State Management: The Display Server maintains its own database of snippets, allowing you to view, share, and manage visualizations independently of the MCP session. Even if the MCP server stops, your visualizations remain accessible.

Web Interface: Panel provides a rich web framework for serving interactive visualizations. By running a dedicated server, we can leverage Panel's full capabilities including reactive widgets and real-time updates.

Resource Control: Long-running visualizations or large datasets are handled in a separate process with their own memory space.

Independent Development: The Display Server can be extracted as a standalone project, versioned separately, and used without the MCP server at all.

Snippets and Execution Methods

A snippet is a stored code sample with metadata. Each snippet has:

  • Unique ID
  • Python code
  • Name and description
  • Status (pending, success, error)
  • Detected packages and Panel extensions
  • Execution method and timestamp

The Display System supports two execution methods:

Jupyter Method (Default)

Executes code similar to a Jupyter notebook cell. The last expression in the code is automatically captured and displayed. This method:

  • Uses pn.panel() to wrap the result
  • Supports any Python object (DataFrames, plots, widgets)
  • Automatically detects required Panel extensions
  • Best for data exploration and simple visualizations

Panel Method

Executes code that explicitly calls .servable() on Panel components. This method:

  • Designed for Panel dashboard applications
  • Requires explicit pn.extension() call
  • Multiple objects can be served
  • Best for complex, interactive applications

The method is automatically inferred from the code or can be specified explicitly.

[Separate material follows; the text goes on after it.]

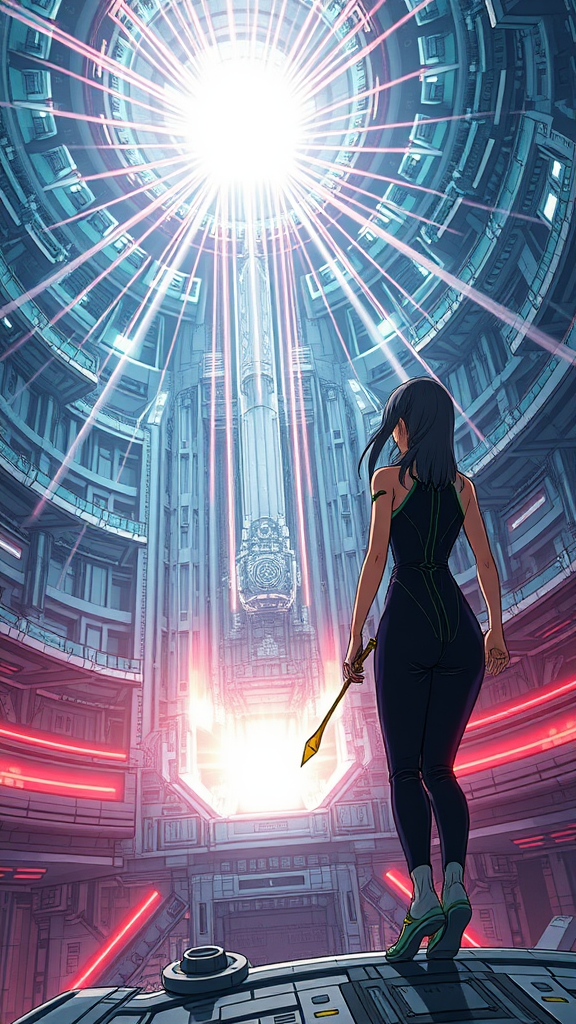 A girl in a sleek, form-fitting jumpsuit navigates the interior of a colossal spaceship, reminiscent of Tsutomu Nihei’s distinct artistry. The setting, inspired by Sidonia no Kishi, showcases towering multi-level spaces. In the center stands a massive laser generator, radiating energy clots that accelerate into a blinding light flash. The futuristic design is captured in hyper-detailed, manga-style graphics, highlighting the dizzying speed and scale. Beams of laser light stream down, interacting with the sprawling architecture. The scene is drawn in the anime tradition, presented in 8K HD super-resolution, capturing the intricate, first-person perspective of this dynamic, vibrant world.

Database and URL Management

Snippets are stored in a SQLite database (default: ~/.holoviz-mcp/snippets/snippets.db). The database tracks:

  • All code snippets and their metadata
  • Execution results and error messages
  • Full-text search index for finding snippets

URLs follow the pattern: http://host:port/view?id={snippet_id}

The server can be configured via environment variables or CLI flags:

  • PORT: Port number (default: 5005)
  • ADDRESS: Host address (default: localhost)
  • DISPLAY_DB_PATH: Database file location

Design Principles

The Display System is built on several key principles:

  1. Simplicity: One tool, minimal configuration, instant results
  2. Transparency: Source code and metadata always visible
  3. Flexibility: Works with any Python visualization library
  4. Persistence: Snippets are saved and can be revisited
  5. Safety: Isolated execution environment

These principles ensure that the Display System is both powerful and easy to use, whether you're creating a quick chart or building complex interactive dashboards.